Run Inside Container

fairway shell
# Inside container:
fairway run

Monitoring

Job Status

# Check running jobs
fairway status

# View detailed job info (Slurm)
squeue -u $USER --format="%.18i %.9P %.30j %.8T %.10M %.6D %R"

# Check Spark cluster status
fairway spark status

Logs

# View all logs
fairway logs

# View last 20 entries
fairway logs --last 20

# View errors only
fairway logs --errors

# Filter by batch ID
fairway logs --batch claims_CT_2023

# Raw JSON output for advanced filtering
fairway logs --json | jq 'select(.level == "ERROR")'

Manifest (Processed Files)

# Show manifest entries
fairway manifest show

# Query by status
fairway manifest query --status completed
fairway manifest query --status failed

# Query by batch
fairway manifest query --batch claims_2023

Resource Usage

# Slurm job efficiency
seff <JOB_ID>

# Real-time resource monitoring
sstat -j <JOB_ID> --format=JobID,MaxRSS,MaxVMSize,AveCPU

Common Issues and Fixes

Issue: Pipeline Fails with Exit Code 115

Cause: Data integrity violation (RULE-115) - schema mismatch detected.

Solution: 1. Check for new columns in source data:

fairway generate-schema data/raw/new_file.csv

2. Update schema in fairway.yaml or switch to Delta Lake format:

storage:
  format: "delta"  # Enables schema evolution

Issue: Out of Memory (OOM) Errors

Cause: Data too large for allocated resources.

Solution: 1. Increase memory allocation:

fairway submit --with-spark --mem 64G

2. Enable salting for skewed data:

performance:
  salting: true

3. Reduce parallelism:

performance:
  target_file_size_mb: 256  # Larger files = fewer tasks

Issue: Spark Cluster Won't Start

Cause: Network/connectivity issues, resource unavailability.

Solution: 1. Check Slurm node availability:

sinfo -p day

2. Verify SPARK_LOCAL_IP:

export SPARK_LOCAL_IP=$(hostname -i)

3. Check firewall/port access on compute nodes

Issue: Files Not Being Processed

Cause: Files already in manifest as "completed".
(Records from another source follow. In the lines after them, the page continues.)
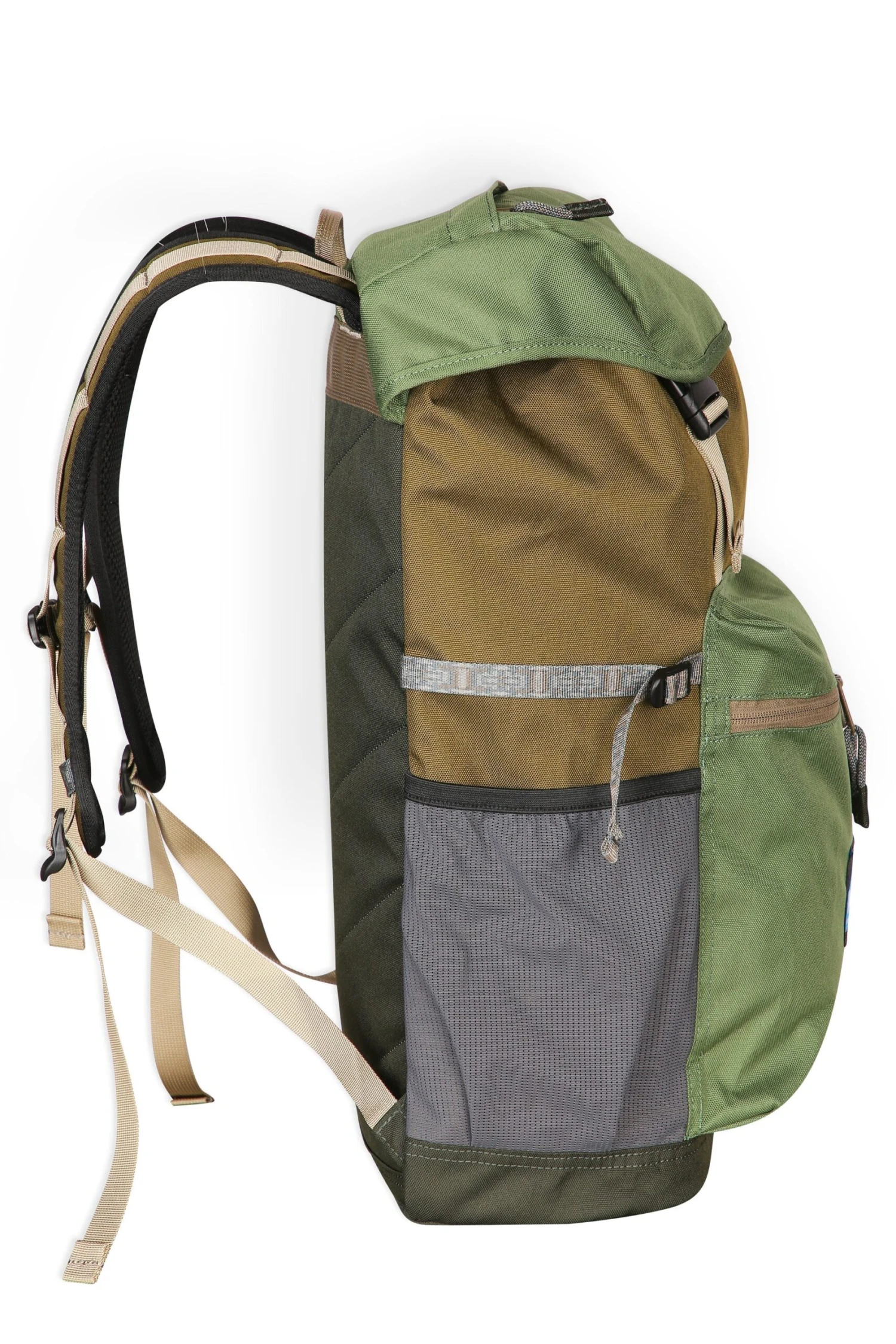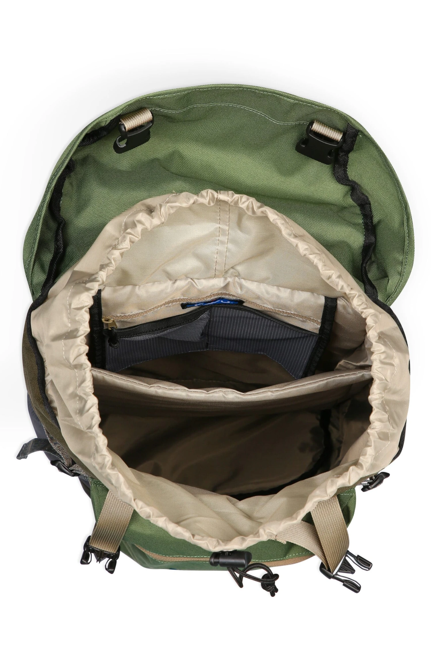 This backpack features adjustable padded contoured shoulder and chest straps with side release buckles, fixed hand strap, main compartment with cord-lock cinch and flap closure and side entry access, large internal padded pouch, zip and mesh organizational pockets, exterior zip pocket on flap and large billowed zip patch pocket on front, two side mesh pockets, rope loop zip pulls, padded bottom and back panel with security zip pocket.
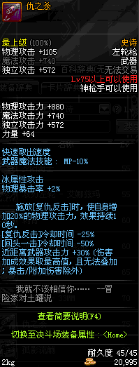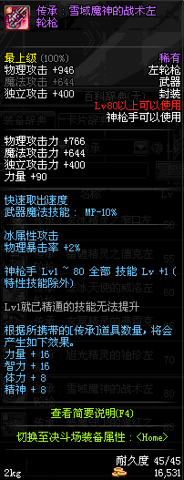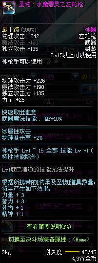 | 25 | 圣物 : 雪魂冰魄之左轮枪 | *Lv24~31普通地下城怪物掉落 | ||
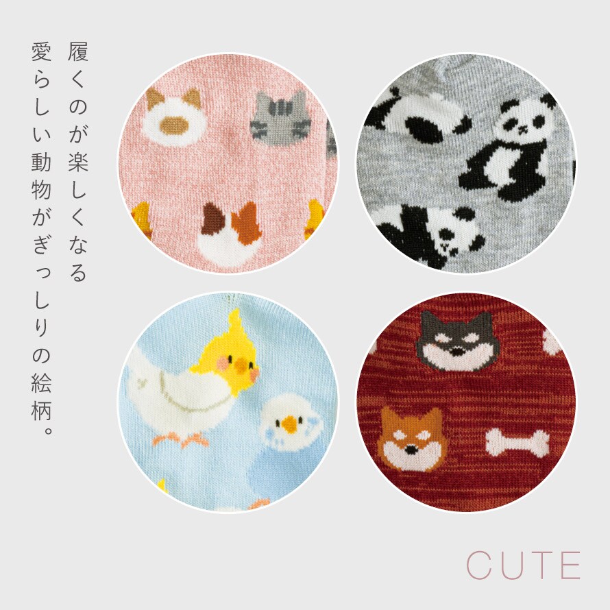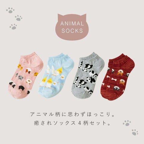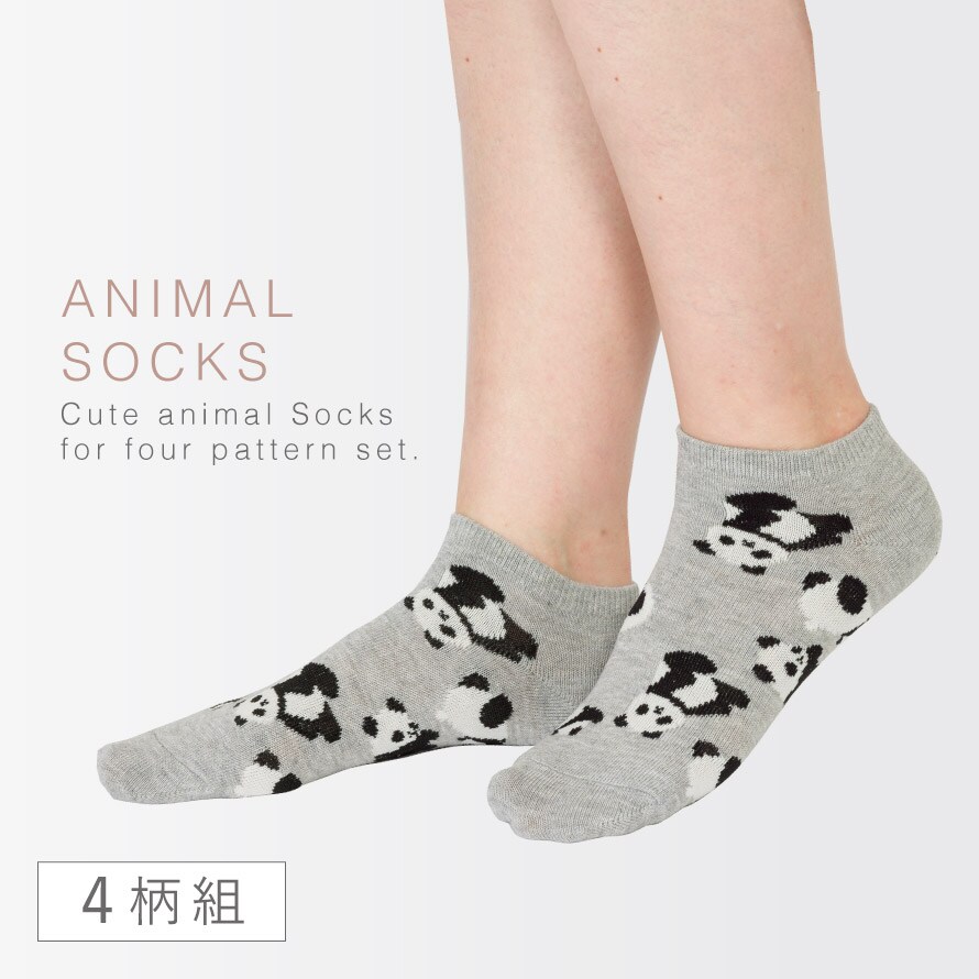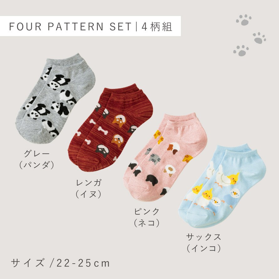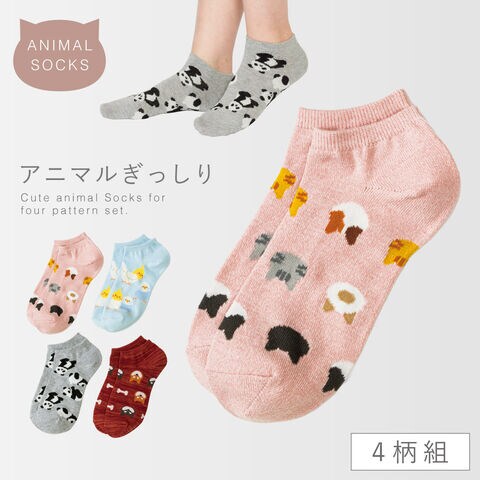 靴下 動物 レディース スニーカー アニマル ソックス 4柄組 22-25cm 猫 犬 パンダ インコ スニーカーソックス くるぶしソックス まとめ買い 4足 ぎっしりアニマルスニーカー丈ソックス

Solution: 1. Check manifest status:

fairway manifest query --status completed

2. Reset specific files for reprocessing:

fairway manifest reset --file "data/raw/claims_CT_2023.csv"

3. Clear entire cache:

fairway cache clear

Issue: Java Not Found

Cause: JAVA_HOME not set or Java not installed.

Solution: 1. Load Java module (HPC):

module load Java/11
export JAVA_HOME=$JAVA_HOME

2. Install Java locally:

# macOS
brew install openjdk@11
export JAVA_HOME=/opt/homebrew/opt/openjdk@11

Issue: Container Mount Fails (Bind Path Not Found)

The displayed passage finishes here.